Deze opvatting is op twee punten niet correct: Ten eerste is het Woord van Wijsheid een nauwkeurige weergave van alle gangbare opvattingen van de medische wereld in de tijd van Joseph Smith (Bush 1981). Dit geldt zowel voor tabak, alcohol, vlees en hete dranken, als voor de toewijzing van de diverse granen aan specifieke groepen dieren en de angst voor overmatig gebruik van fruit. Bij "hete dranken" ging het overigens om de temperatuur, niet om de drank; de gelijkstelling van "hete dranken" met "koffie en thee" past niet in de oorspronkelijke context van het Woord van Wijsheid en werd vooral ingegeven door economische motieven, met name de handelsbalans tussen het territorium Utah en de rest van de Verenigde Staten (Arrington 1959).

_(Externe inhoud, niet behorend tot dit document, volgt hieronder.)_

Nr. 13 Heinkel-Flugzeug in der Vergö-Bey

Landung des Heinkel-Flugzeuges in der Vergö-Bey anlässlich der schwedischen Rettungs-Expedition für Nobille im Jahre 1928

De tweede misvatting betreft de veronderstelling dat de huidige medische wetenschap het Woord van Wijsheid zou onderbouwen. Dit is echter alleen het geval voor het gebruik van tabak, waarbij aangetekend moet worden dat het positieve gebruik van tabak "voor kneuzingen en al het zieke vee" niet gestaafd wordt door enige vorm van bewijs, wetenschappelijk of anderszins. De langere levensverwachting die aan het naleven van het Woord van Wijsheid verbonden is, kan volledig toegeschreven worden aan het niet-roken.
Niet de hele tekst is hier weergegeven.